"I Don’t Even Consider Myself Wealthy."
Republicans and the women, beyond all earthly comprehension, who love them, just can't help it. Even when answering charges that her husband Willard is hopelessly and eternally out of touch with the common man, Anne Romney's attempts to spin that very accurate perception just makes the spinning buzzsaw accelerate in the same direction.
On Fox "News" recently, Anne Romney, a woman who was described by Willard in Detroit as driving two Cadillacs, said, "I don’t even consider myself wealthy." While there may be something on a bumper sticker level of true wealth actually being composed of something closer to actual friends or goodness of character, Anne Romney's attempts to redefine wealth, a word for which she and Willard have only real definition (more closely resembling a portfolio than a little black book) ring as false and hollow as Rush Limbaugh's "apology" to Sandra Fluke.
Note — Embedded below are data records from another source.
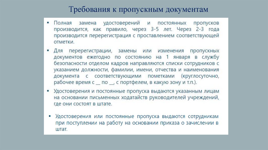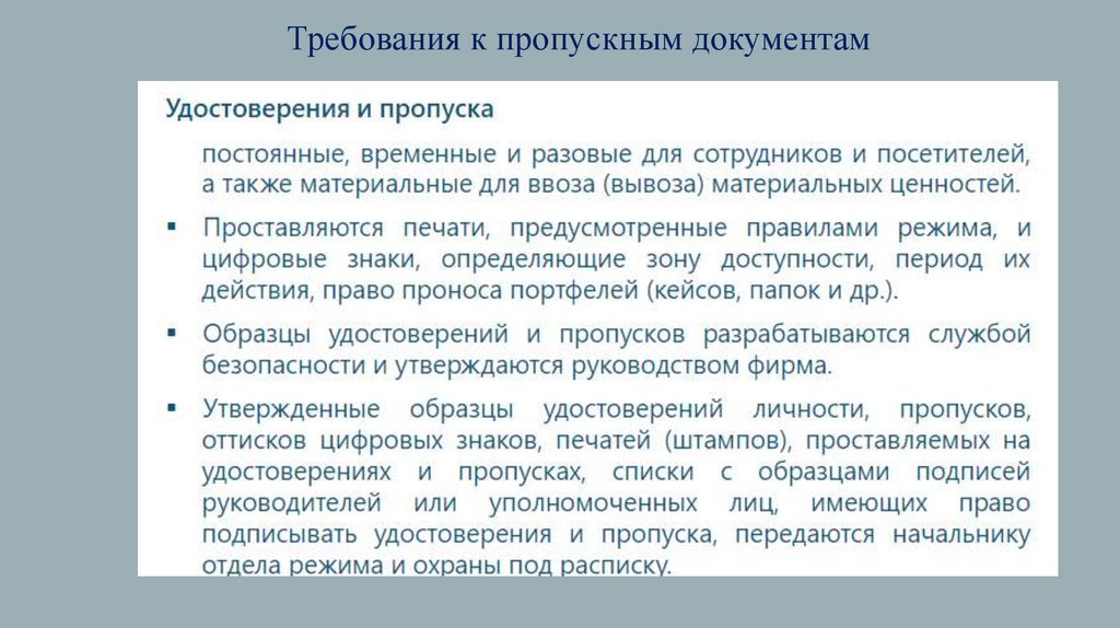 Требования к пропускным документам18.
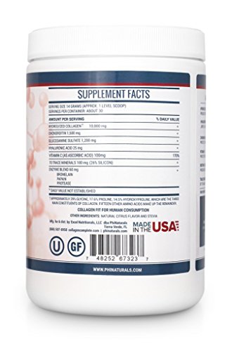-. Binding : Health and Beauty -. Brand : Excel Nutritionals -. EAN : 0748252673237 -. Feature : COLLAGEN SUPPLEMENT FOR SKIN AND JOINTS: Reduce appearance of wrinkles and support healthy skin! Support damaged or aging joints with one of the best collagen supplements for joints! / MORE THAN JUST A COLLAGEN SUPPLEMENT: Collagen Complete's other ingredients support the formation of new collagen and the protection of existing collagen in your skin, joints, nails and hair. / NATURAL FORMULA CONTAINS: Hydrolyzed Collagen Types I, II, III and MORE! (A complete collagen blend.) 10,000 mg Hydrolyzed Collagen, 2,700 mg Chondroitin and Glucosamine, 25 mg Hyaluronic Acid, 70 Trace Minerals, Proteolytic Enzymes. / BETTER ABSORPTION: Our bovine-sourced collagen hydrolysate is formulated through an enzymatic process to provide the most bio-available collagen peptides possible. / All Natural | Gluten Free | Made in USA | 100% Satisfaction Guaranteed -. IsAdultProduct : 0 -. Label : Phi Naturals -. LegalDisclaimer : Always consult your health care advisor before starting a supplement regimen if you are ill.These statements have not been evaluated by the FDA.This product is not meant to diagnose, prevent, treat or cure ant diseases or conditions. -. Manufacturer : Phi Naturals -. NumberOfItems : 1 -. PackageQuantity : 1 -. ProductGroup : Health and Beauty -. ProductTypeName : HEALTH_PERSONAL_CARE -. Publisher : Phi Naturals -. Studio : Phi Naturals -. Title : Collagen Supplement (Powder) Collagen Complete. 10,000mg of Hydrolyzed Collagen Types 1, 2 & 3, Hyaluronic Acid and More. Top-rated Among the Best Collagen Supplements. -. UPC : 748252673237
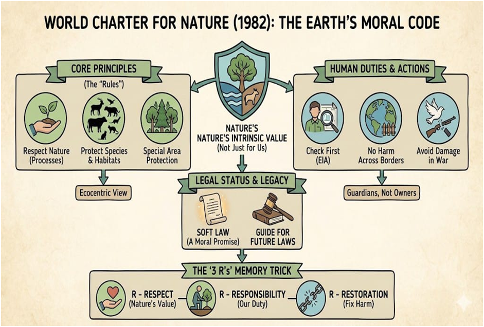 - Ecocentric View: Most laws are “Anthropocentric” (focused on humans). This Charter is “Ecocentric” (focused on nature itself).
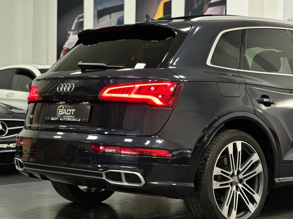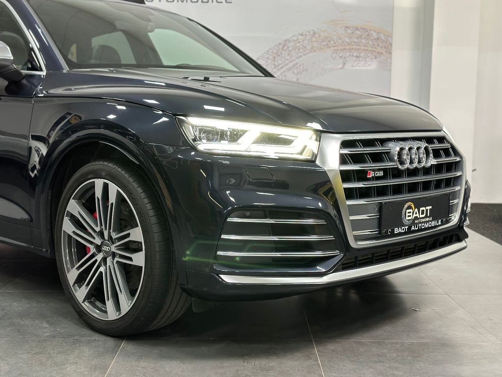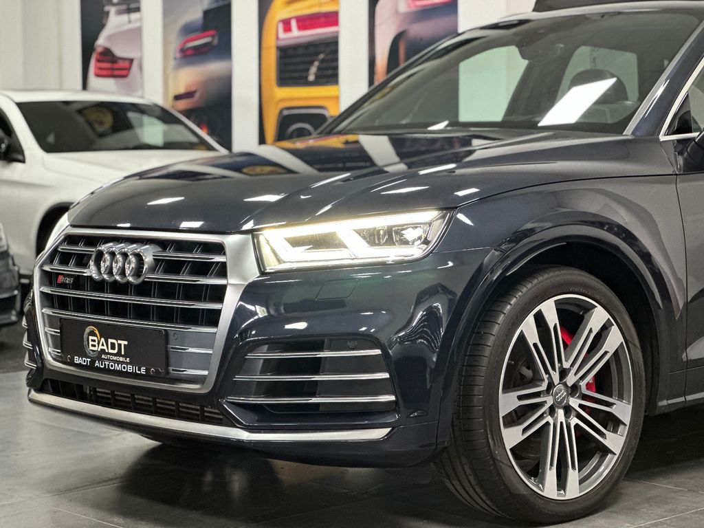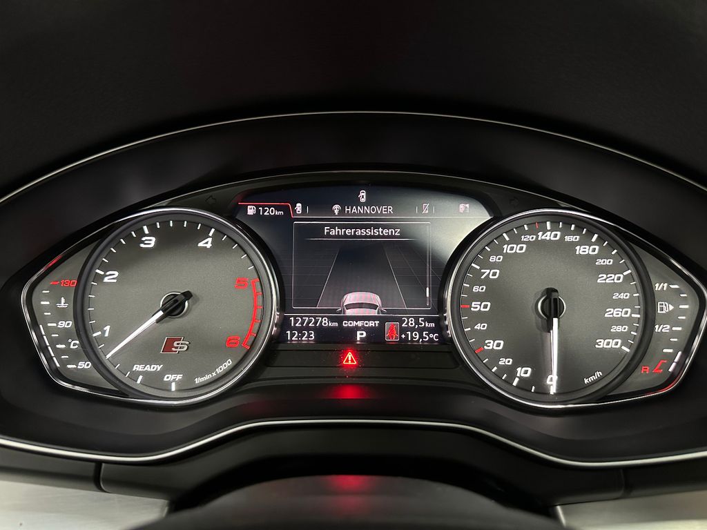 Ablage- und Gepäckraum-Paket, Akustikglas Türscheiben vorn, Audi connect (Internetbasierende Dienste), Außenspiegel elektr. verstell-, heiz- und anklappbar, Bremssättel Rot lackiert, Einparkhilfe vorn und hinten, optisch (APS Plus), Fahrassistenz-System: Anfahr-Assistent (hold assist), Fahrassistenz-System: Verkehrszeichenerkennung, Fahrwerk mit Dämpferregelung (Magnetic Ride), Frontkamera (Scheibe), Head-up-Display, Innenspiegel mit Abblendautomatik, Lenkrad (Sport/Leder - 3-Speichen, unten abgeflacht) mit Multifunktion plus, LM-Felgen 8,5x21 (5-Doppelspeichen, V-Design, kontrastgrau, teilpoliert), LM-Felgen 8x20 (5-Doppelspeichen, Stern-Design, für Winterbereifung), Matrix-LED-Scheinwerfer, Multi-Media-Interface MMI Navigation, Panoramadach vorn elektrisch, hinten fest, Perleffekt-Lackierung, Rückfahrkamera, Sound-System DSP / Audi Sound-System, Verglasung hinten abgedunkelt (Privacyverglasung)
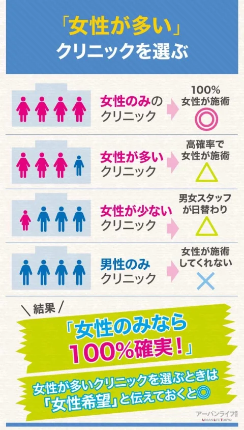 東京都内には、メンズVIO脱毛の施術を女性が行うクリニックやサロンが多数あります。
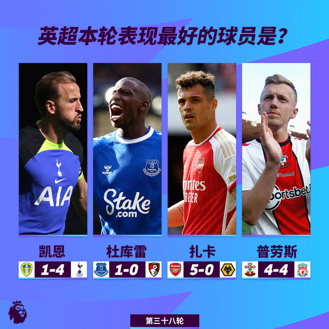 2022/23赛季英超第三十八轮周最佳球员票选 凯恩梅开二度破30球大关 杜库雷一球定乾坤 扎卡梅开二度完美谢幕 沃德-普劳斯一球吹响反击号角 谁最让你印象深刻?
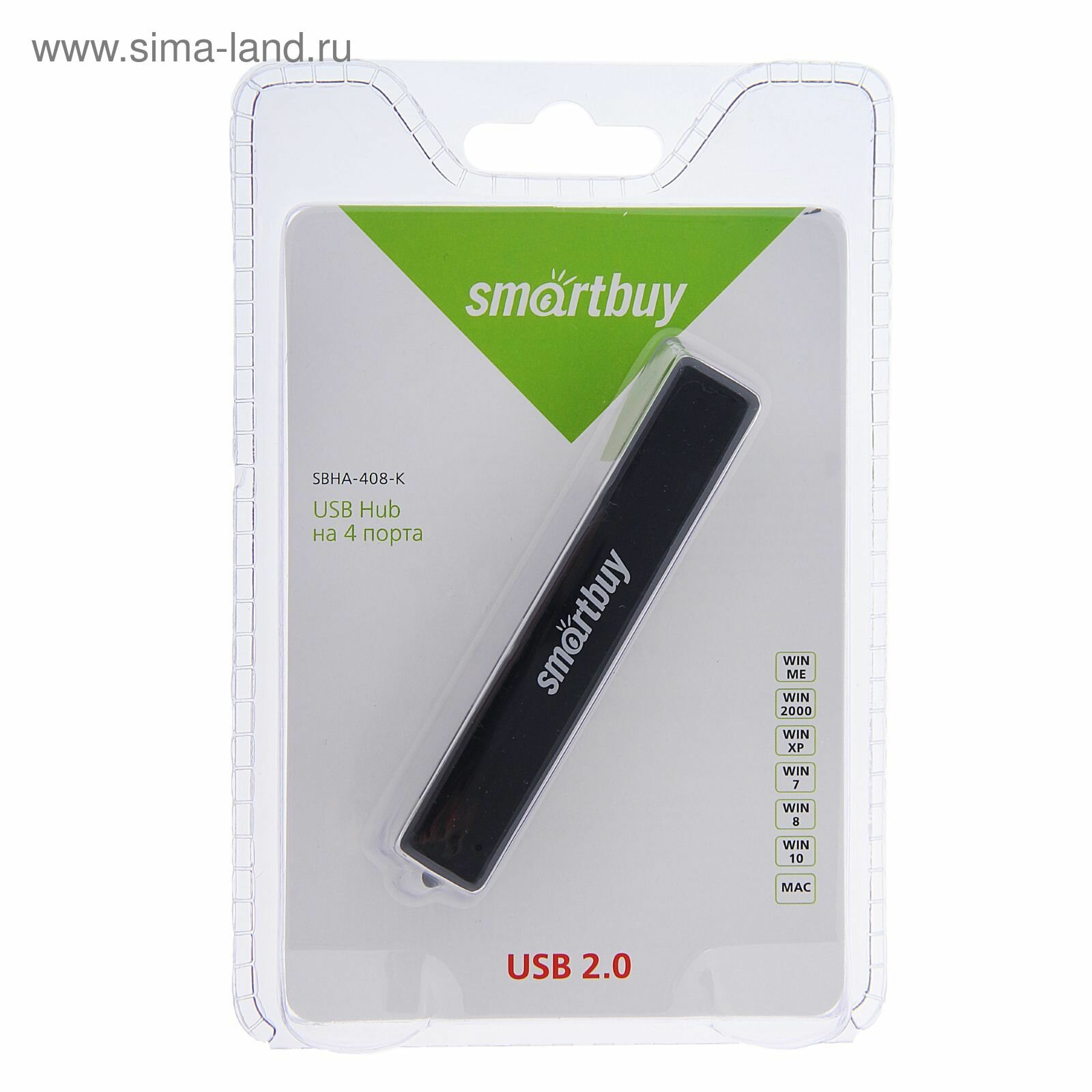 Купить USB HUB, хаб на 4 порта Smartbuy USB 2.0 (SBHA-408-K) черный
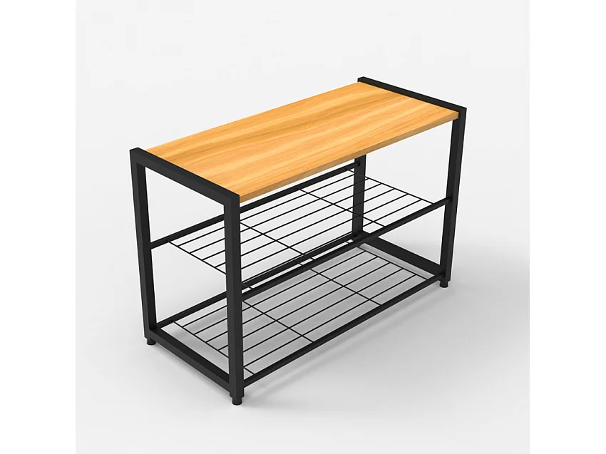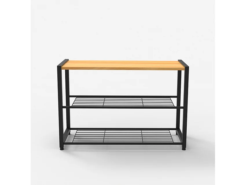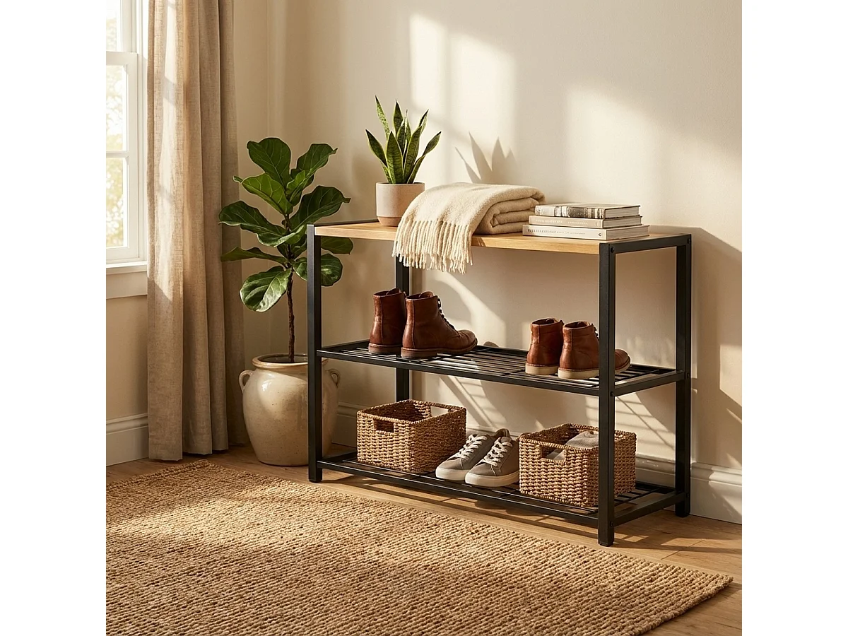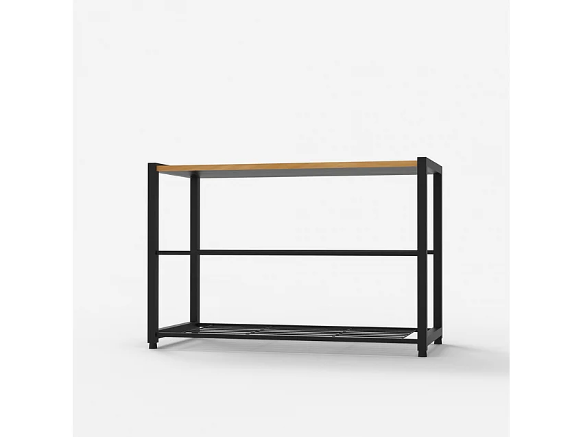 Scarpiera aperta ingresso 2 ripiani 1 mensola 8 paia di scarpe legno metallo Amnes - Nero
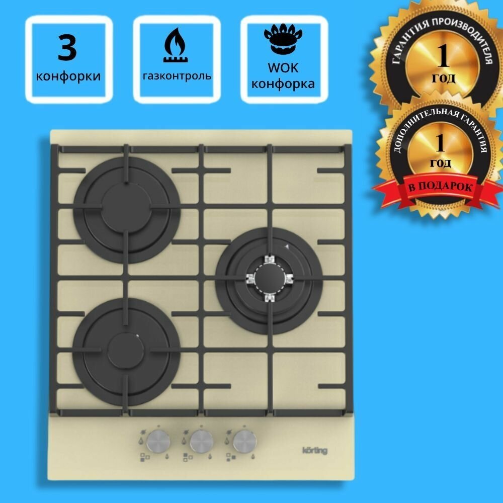 чугунные решетки, газ-контроль, дополнительные форсунки в комплекте, конфорка WOK, электроподжиг в поворотной ручке, электроподжиг в ручке (автоматический)
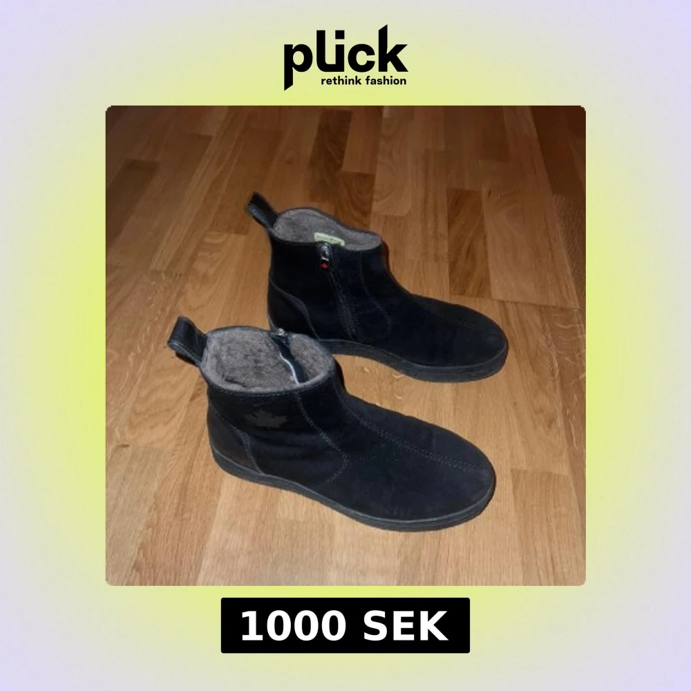 Svarta boots i mocka med mjukt, beige foder och dragkedja på sidan. Skorna har en platt sula med grovt mönster och en liten ögla baktill för enkel påtagning. Perfekta för kalla dagar när du vill hålla fötterna varma och bekväma.

Indeed, the slightly less insectoid Callista Gingrich's attempts to equate wealth with her alleged sympathy or empathy for other sufferers of multiple sclerosis (from which Anne Romney suffers) and other diseases while somehow trying to redefine wealth is a pathetic attempt to shift the focus of just how out of touch are the Romneys and other families worth a quarter of a billion dollars or more. Whether or not she intended to, all Anne Romney did was foster and further the perception that "A quarter of a billion dollars simply isn't enough" and that no amount of stock dividends or tax breaks ever will be enough.
5 Comments:
But NO, Only Mitt-faced RICH!
Uh, yeah. Whatever. I'm assuming, after reading your barely illegible comments all these months, that English isn't a 2nd or even a 3rd language? Three letters that'll change your life. You ready, you listening? ESL.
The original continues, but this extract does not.